• **TASK ITEM**
For this exercise, copy exactly the lines below from the one with "Descripción de imagen: miembros" through the one with "Les équipes KTT" and leave out the pictures.

Stored records:
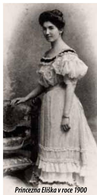
Princezna Eliška v roce 1900
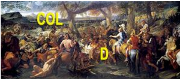
Charles Le Brun, "Alexandre et Porus"
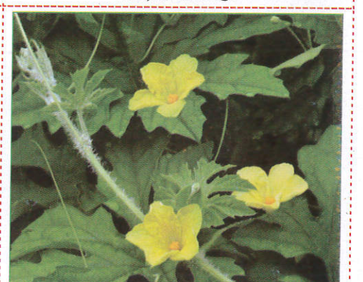
කරළ Bitter gourd பாகற்காய் (பாடுக்காய்)
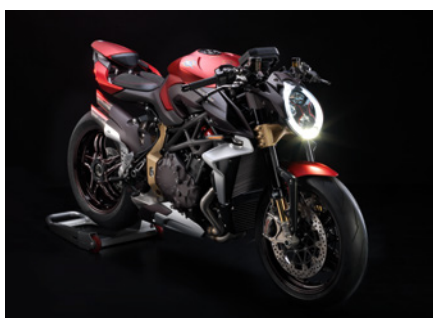
MV Agusta Brutale 1000 Serie Oro
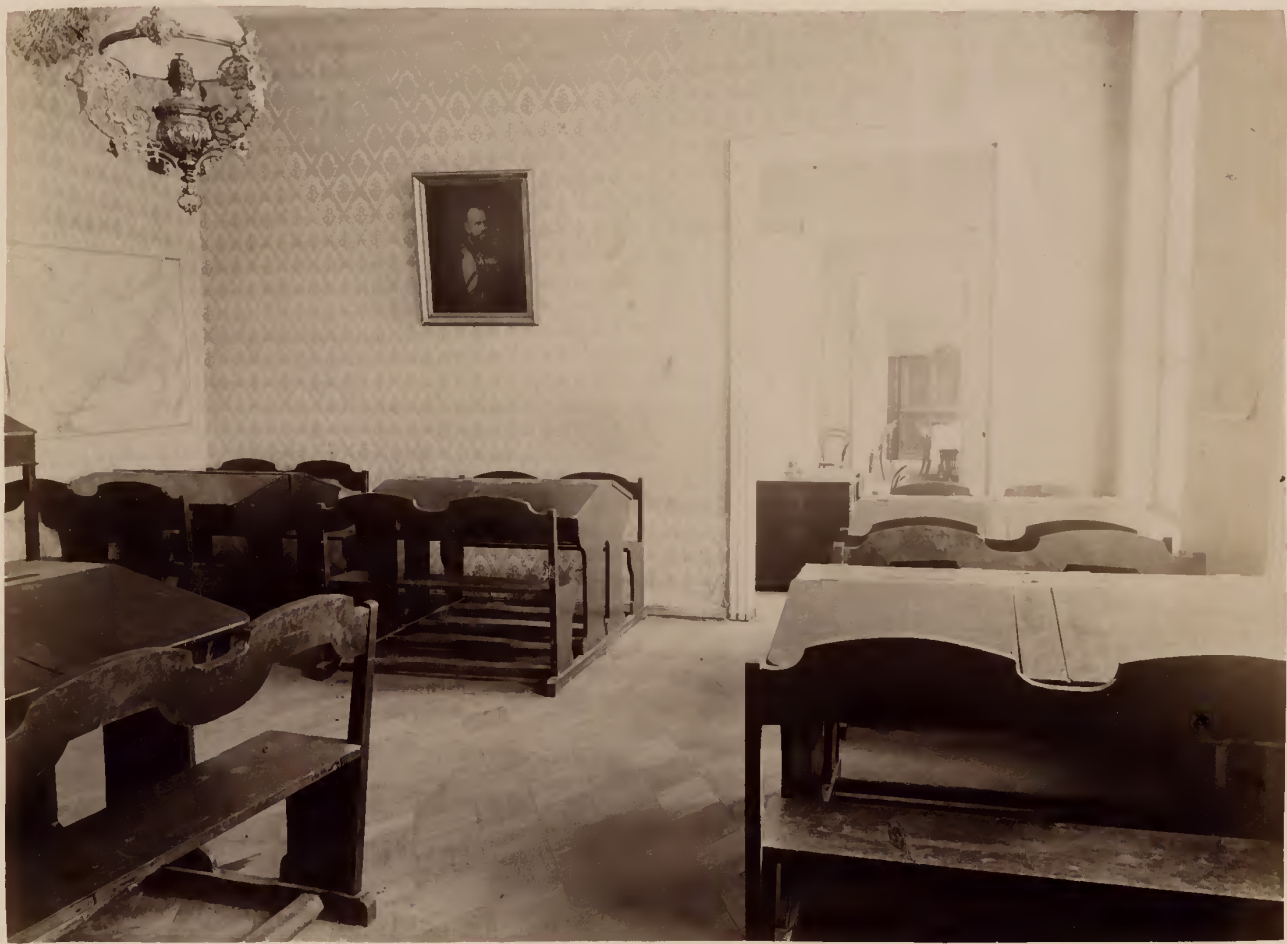
Помѣщенія гимназическаго цансіона.
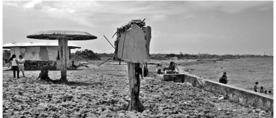
La Playita de los Rusos está en total abandono.
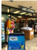
10. ABC stores #14 周辺 20.3Mbps
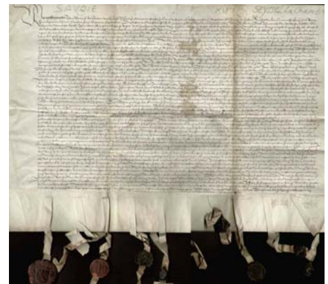
Dès 1545, des commerçants de différentes villes suisses commencent à prêter de l'argent à l'étranger.

Le commerce extérieur était jadis aussi important qu'aujourd'hui, car il fallait importer les matières premières et commercialiser les produits industriels sur des marchés étrangers. Le papier-valeur le plus ancien de l'exposition montre à quelle lointaine époque remonte le vaste réseau international des commerçants: il s'agit d'un contrat obligataire passé entre des commerçants suisses et des nobles de Haute-Savoie en 1545. Aujourd'hui encore, une grande partie de la production suisse s'exporte tandis que les grands magasins helvétiques proposent des produits provenant du monde entier.
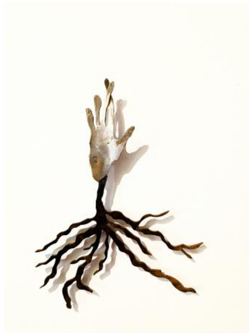
Rooted Hand, 2024 Porselein, klei, cortenstaal, 34 x 4 x 45
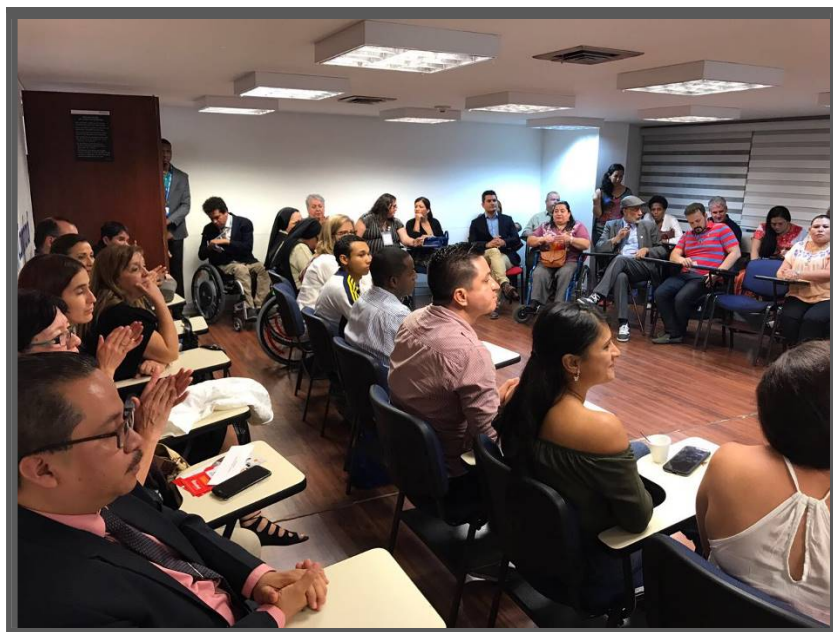
Descripción de imagen: miembros del CEDDIS durante las presentaciones de experiencias exitosas de emprendimiento e inclusión laboral. Sede de COMFANDI, miércoles 26 de abril de 2017.
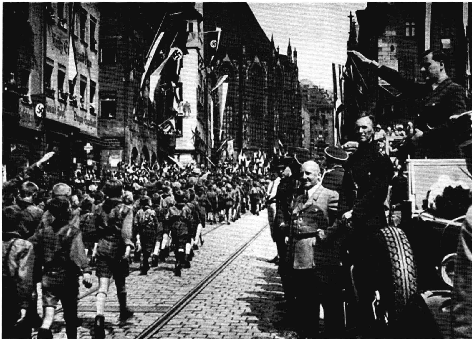
1933年紐倫堡，席拉赫於指揮車上迎接來自全國的青少年進入會場一景。
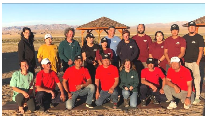
Les équipes KTT et TAKH rassemblées en Mongolie

Pour la première fois dans l'histoire de TAKH, l'équipe complète a pu se rendre sur le site de réintroduction des chevaux de Przewalski à Seer à l'occasion de l'inauguration du nouveau centre d'accueil écotouristique et scientifique de KTT au cœur du Parc national de Khomyn tal.
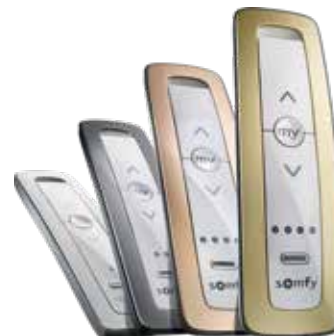
Gama de colores disponibles: Pure, Silver, Rose Gold, Gold

Compatible con todos los motores con Radiotecnología Somfy (RTS) integrada.
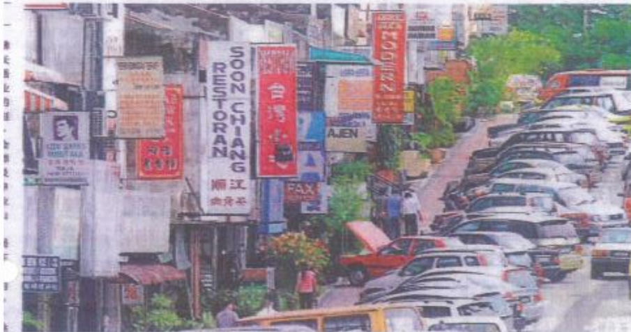
国家语文出版社诸多限制，扼杀了广告设计的创意。

面的研究。 “反贪会官员召开 会议时，国语专家不要 为得到执照而请国语 专家。但国语专家开会 化中请执照的程序才是 正确之道。” 他呼吁新山市议 员讨论广告业面对的 上述困境，以便一起在 市议会上提出动议。
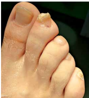
Figure 4. Hypertrophic papule on the right foot's second digit

Rycina 3. Obraz śródoperacyjny – usunięcie płytki paznokciowej i biopsja sztancowa z macierzy
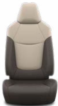
Sötétbarna szövet ülésborítás bézs betétekkel

Alapfelszereltség az Active felszereltségnél
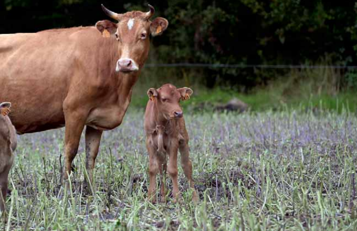
Une vache Froment du Léon avec son petit et une gémisse, à la couleur plus grise, issue d'un croisement avec la race normande.
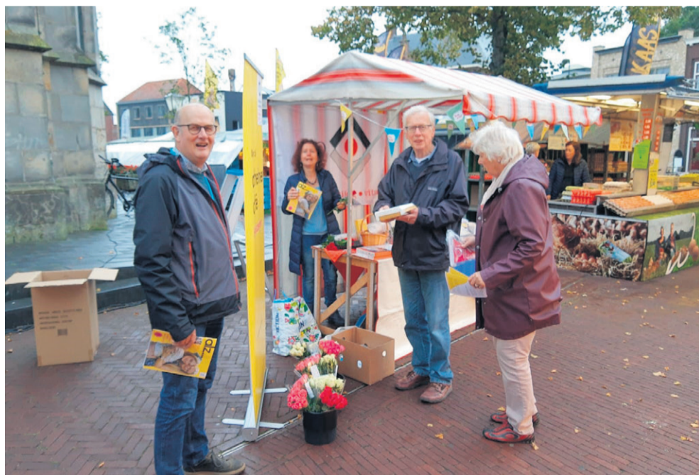
Net zoals vorig jaar staan ook dit jaar de organisaties gezamenlijk op de weekmarkt.

Volgende week is in Haaksbergen de Week van de Ontmoeting. Verschillende organisaties en vrijwilligers organiseren leuke activiteiten waar mensen nieuwe sociale contacten op kunnen doen én bestaande contacten kunnen versterken. Van woensdag 28 september tot en met vrijdag 7 oktober zijn er verschillende activiteiten. Het programma kunt u hieronder vinden. U komt toch ook?

• **ANSWER FOR THIS EXERCISE**
Descripción de imagen: miembros del CEDDIS durante las presentaciones de experiencias exitosas de emprendimiento e inclusión laboral. Sede de COMFANDI, miércoles 26 de abril de 2017.
1933年紐倫堡，席拉赫於指揮車上迎接來自全國的青少年進入會場一景。
Les équipes KTT et TAKH rassemblées en Mongolie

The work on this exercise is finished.